Literal and display forms
The literal form of a data type is how you write its atoms. Its display form is how the interpreter writes its atoms.
As far as is practical, literal and display forms are identical.
Not always:
- The
j
suffix is optional in the literal form of longs and omitted in the display form. - A decimal point in a float makes an
f
suffix optional in the literal and omitted in the display. - GUIDs have no literal form.
- Display forms of primitives defined in k, such as
til
, are their k definitions.
Type suffixes are omitted in the displays of arrays.
Casting between datatypes
The Cast operator $
casts data between types.
Its left argument is the target datatype, as a short, char, or symbol from the table of datatypes.
q)9h$999
999f
q)"j"$3.14159
3
q)`byte$"q"
0x71
The string
keyword returns a string representation of an atom.
q)"c"$3.14159 / cast to char
"\003"
q)string 3.14159 / string representation
"3.14159"
q)string `ibm
"ibm"
q)string 2000.01.01
"2000.01.01"
Temporal data
All temporal datatypes have underlying numeric representations.
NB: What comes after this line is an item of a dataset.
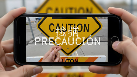Smartphone screen displays a caution sign translated into multiple languages with AR overlay.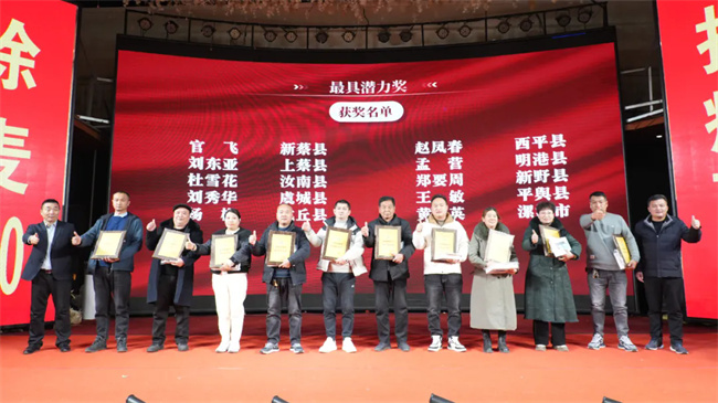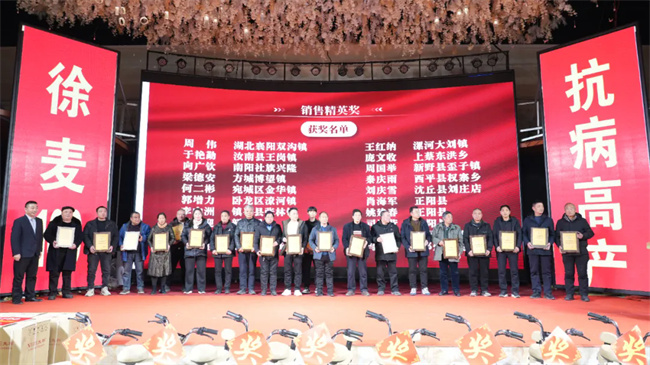 2024年,小麦种子市场是极为惨淡的一年,凭借徐麦100卓越的品质和各位合作伙伴的市场开拓能力,公司为在2024年销售业绩突出的经销商,会议现场为他们举行了隆重表彰仪式,以激励更多的合作伙伴向榜样学习,向先进靠拢。

Dot notation is a convenience for temporal data.
q)show now:.z.d+.z.t
2023.10.09D18:31:07.007000000
q)(now.minute;now.second;now.month)
18:31
18:31:07
2023.10m
Functions are atoms but they are not data atoms
Functions are first-class objects in q, so they too are atoms. But they are not data atoms.
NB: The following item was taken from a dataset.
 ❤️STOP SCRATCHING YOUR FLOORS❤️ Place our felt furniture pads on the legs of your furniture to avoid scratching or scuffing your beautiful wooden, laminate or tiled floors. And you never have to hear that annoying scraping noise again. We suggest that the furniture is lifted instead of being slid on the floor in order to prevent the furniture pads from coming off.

Functions include operators, keywords, projections, compositions, and lambdas. Each has its own datatype.
q)type each (+;2*;type;+/;{x*y+z})
102 104 101 107 100h
q)/operator;projection;keyword;derived function;lambda
Exercises
No peeking.
Attempt each exercise before looking at its answer.
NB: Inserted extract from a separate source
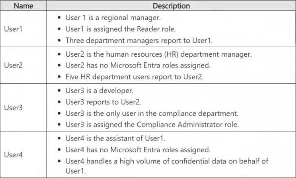 User4 (Assistant to User1, no Entra roles, handles confidential data on behalf of User1)

The exercises clarify your thinking. Reading answers does not.
-
Review the Datatypes reference. Investigate anything unfamiliar.
-
List everything you learned from the previous exercise.
-
Distinguish between Tok, Cast and
string
: write a definition of each.Answer
Cast is atomic: it casts each atom of
y
to typex
.Tok is string-atomic: it interprets each string in
y
as an atom of typex
. (x
is an upper-case letter.)string
is atomic: it represents each atom of its argument as a string. -
What is the relationship between Tok and
string
? Applystring
to a string. What does it return, and why does it not return its argument?Answer
Tok and
string
are inverses of each other. Tok interprets strings as data atoms;string
represents data atoms as strings.q)string "string" ,"s" ,"t" ,"r" ,"i" ,"n" ,"g"
Above,
string
represents each atom of"string"
as a string, returning six 1-character strings.Casting a string to char is a no-op.
q)"c"$"string" "string"
-
Show that Cast is left-atomic.
Answer
q)(type'')("h";("ij");"f")$4 -5h -6 -7h -9h
Above, the left argument of Cast is a nested list. Obeying scalar extension, Cast iterates it over its atom right argument.
-
What datatype does not have a literal form? How could you write one of its atoms?
-
List all the temporal datatypes with their units.